Because part of the weirdness of the day was wishing it was me. Not going to live in student halls with a bunch of eighteen year olds. That would be a bit strange. But going to live in London, having a new place to live and carving out a new life. It’s years now since I lived in London, but I never really meant to leave, and a part of me has been hankering ever since to go back.

We’ve lived in Hebden Bridge for nine years now, the longest I’ve lived anywhere in my adult life, and the roots I’ve put down are pretty deep. I feel connected. I walk in hills and know what I will see at every turn. In the woods at the end of our road I know the individual roots which cross the path, I notice if a stone has been moved or a branch has fallen. When the recent floods changed the whole structure of the ‘pond’ in Nutclough, it felt almost like a personal assault. I love it here.

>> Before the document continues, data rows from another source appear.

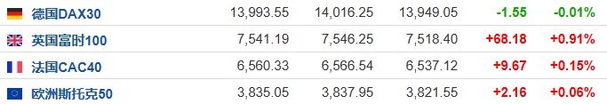 2. 截至发稿,德国DAX指数跌0.01%,英国富时100指数涨0.91%,法国CAC40指数涨0.15%,欧洲斯托克50指数涨0.06%。
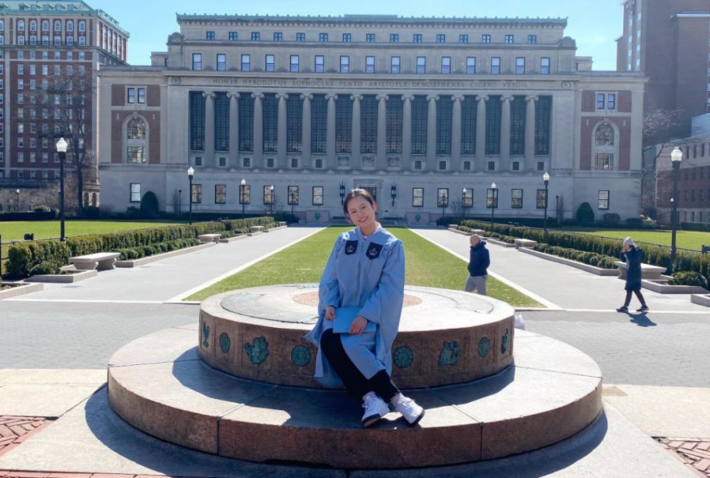 回望在浙外学习的日子里,她说最大的收获是交到了几个知心好友与对她成长路上帮助很多的老师们。在大学期间参加的由高歌老师带领的演讲队让她受益颇多,虽然那时每周/天的朗读训练、晨读等一系列活动在当时让人头疼,但也正是多亏了这些练习才收获了好听的英文发音和语音语调。另一位对她帮助很大的老师是现任浙外应用外语学院院长的姚明发老师。姚老师上课幽默风趣,为人随和,在论文指导时给了她很多的帮助;范潇潇后来申请大学的推荐信之一也是姚院长写的,她说没想到自己还会被哥大录取,估计姚院长的推荐信非常有用吧!
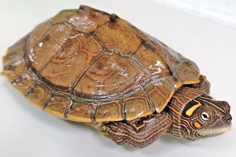 Bamberg. Cookie ist ein sehr hübsches Mädchen, sie hat eine sehr auffällige Zeichnung mit orangefarbenen Akzenten. Als Höckerschildkröte fühlt sie sich im Aquarium mit Wärmelampe am Wohlsten. Wenn es im Sommer schön warm ist, hat Cookie nichts gegen einige Wochen im Gartenteich einzuwenden. Die Panzerlänge beträgt derzeit ca. 15 cm.
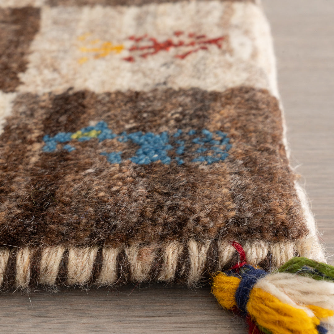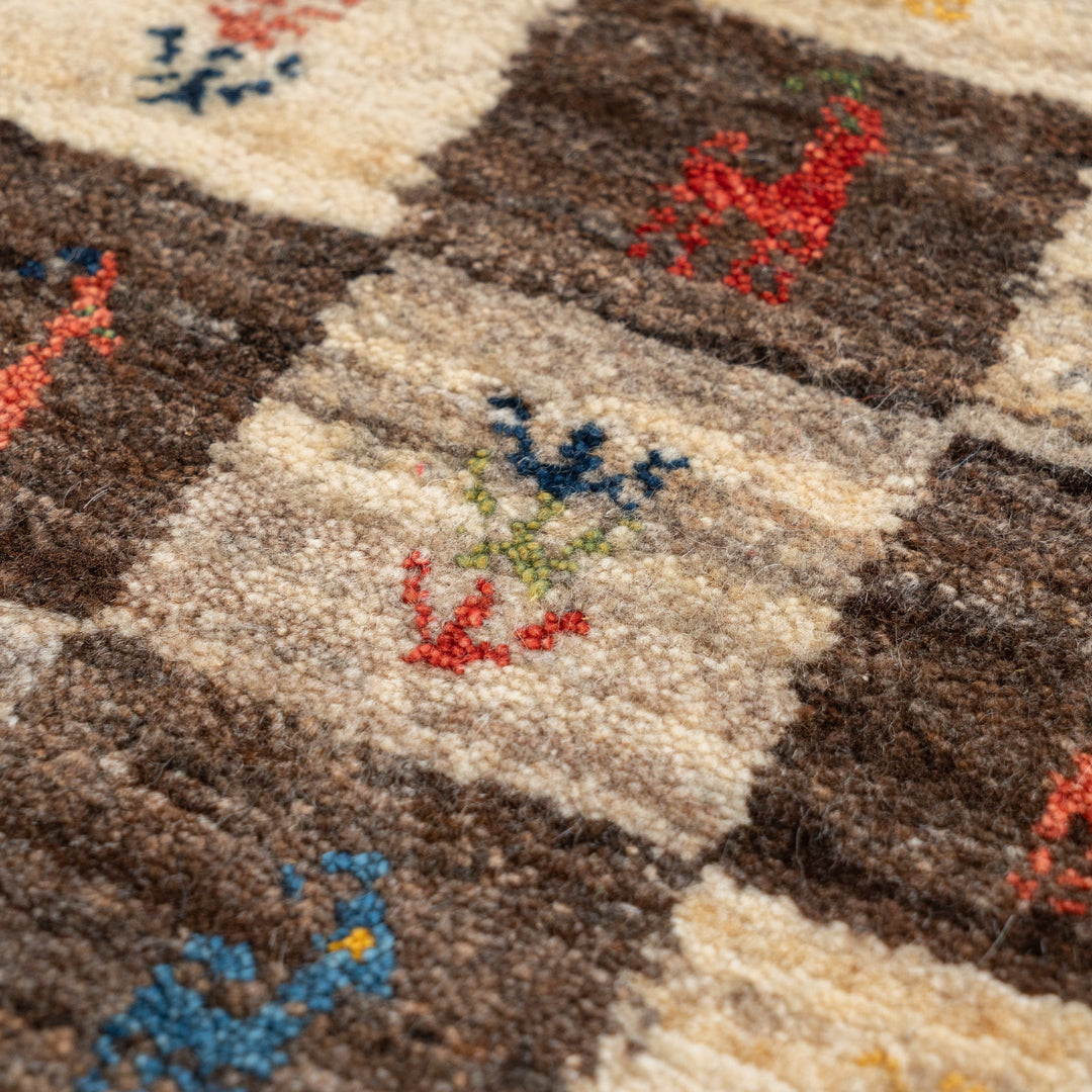 ギャッベはイランのザクロス山脈を遊牧しているカシュガイ族が手織りする、草木染の羊毛を使った毛足の長い生活に根付いた絨毯です。本商品に使用されているペルシャバリアントと呼ばれる羊毛は、過酷な環境であるザクロス山脈で生きていく為の優れた耐久性や、体温調整を上手に行うために多くの脂分を含んだ柔らかく触り心地の良い毛質を揃えています。
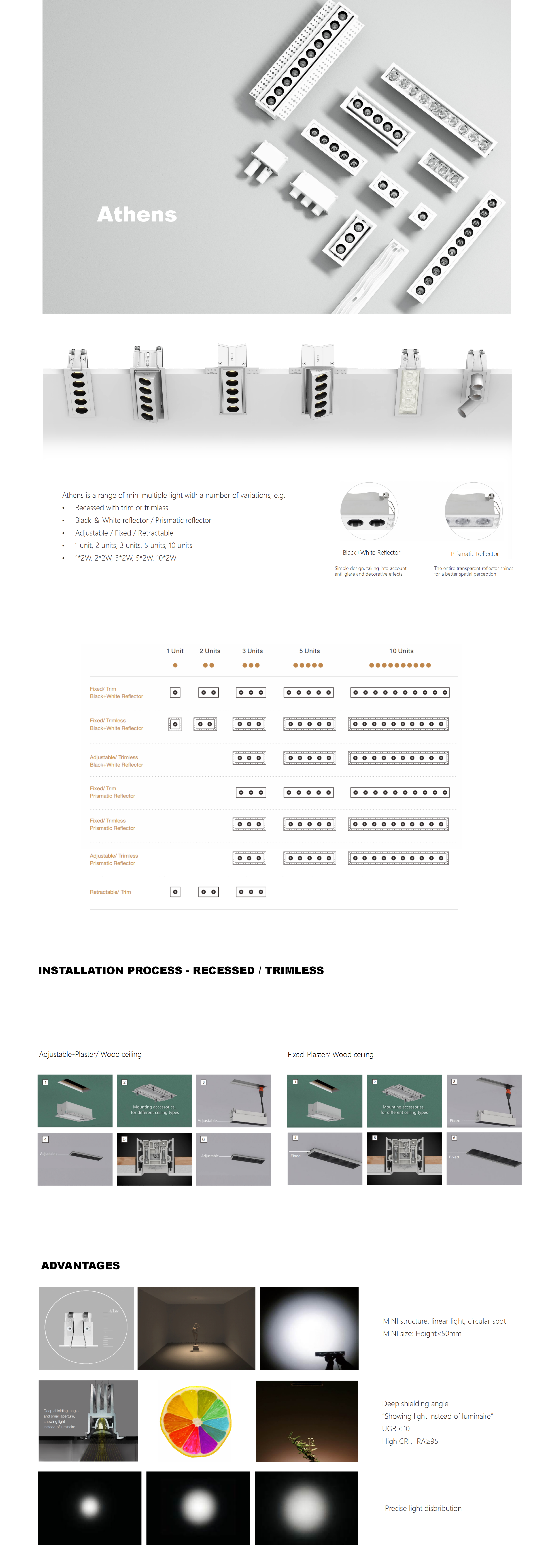 This is a special designed narrow trim version of athens, composed of 3 producets (1 unit, 2 units and 3 units) with 3 wattages.
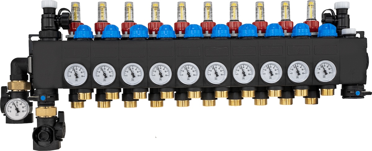 Rozprowadza ciepło / chłód ze źródła na poszczególne pętle instalacji płaszczyznowej.
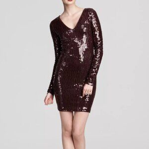 Vintage Robert Rodriguez Sequin Dress Mini Long Sleeve Size Medium as seen on Gossip Girl Georgina Sparks in a Burgundy Color.
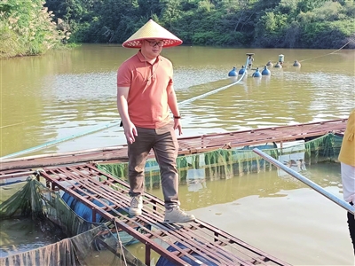 连日暴雨倾盆,给东源县水产养殖带来了不小的危害,令当地的养殖户担忧不已。在东源县农业农村局办公室里,东源县水产技术推广站站长戴远棠的手机响个不停。他不断地回电话、发信息,远程指导养殖户做好汛期防护。天气稍晴,戴远棠又马不停蹄地到养殖户的水产养殖基地巡查,帮助农户解决水产养殖问题。
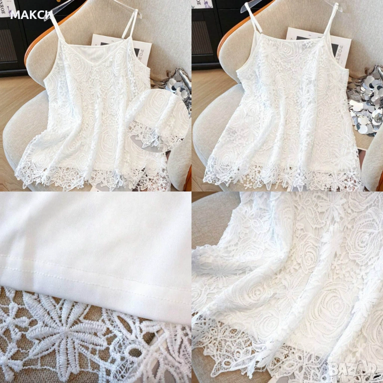 Макси разкошен елегантен силно еластичен мек и красив дантелен потник с коригиращи се презрамки и фина подплата в снежно бяло
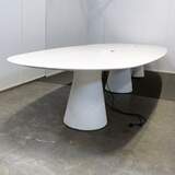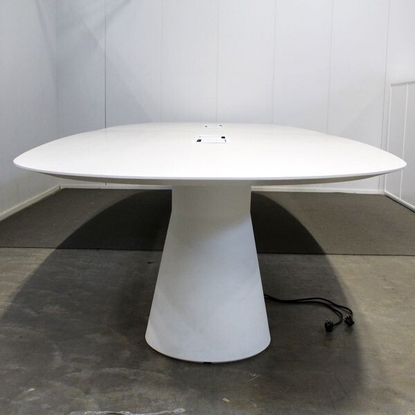 Käytetty Andreu World Reverse neuvottelupöytä, siistissä kunnossa. Tässä neuvottelupöydässä on tukevat pilarijalat sekä kaunis valkolakattu puukuvioitu kansi.

But walking along Mile End Road yesterday, seeing the tall terraces and the traffic, the sun shining through the plane trees and the people around the tube station, entering and leaving like bees in a hive, I felt the tug of older roots, and a longing to be back there, in the Great Wen, the Smoke, the busy cosmopolitan hub of life which never fails to thrill me whenever I visit. Every time I arrive in London I feel something wake up inside of me, a person I’ve forgotten existed, a person I love being. A freer, more dynamic, excited person.

Even when I lived there I had to get out into the countryside. I haunted Hampstead Heath, visited parks, squares, cemeteries, any of the green breathing places with which London abounds. Every few weeks I’d hop on a train and escape – to the sea, or to my home in Warwickshire where my roots are buried far into the depths of childhood.

The trouble is you can’t have everything. You have to make choices. And for now my choice is here, the beautiful Calder Valley.

Yesterday there was a walk up to Stoodley Pike called Obelisk of Peace. I love Stoodley Pike. You can walk for miles and miles in any direction, look back an there is the monument sitting on its hilltop. It’s the pivot around which we all move, still and serene, decorated with a peace sign and wearing its history of  pacifism on top of shadier undergarments – stories of murder, freemasonry and feudal ownership. When you’ve been away and you’re returning and take a bend in the road and see it there on the hill – that’s a homecoming.

But sometimes it feels like it’s pinning you in your place and you want to run away. Thank you Poppy for providing a bolt hole.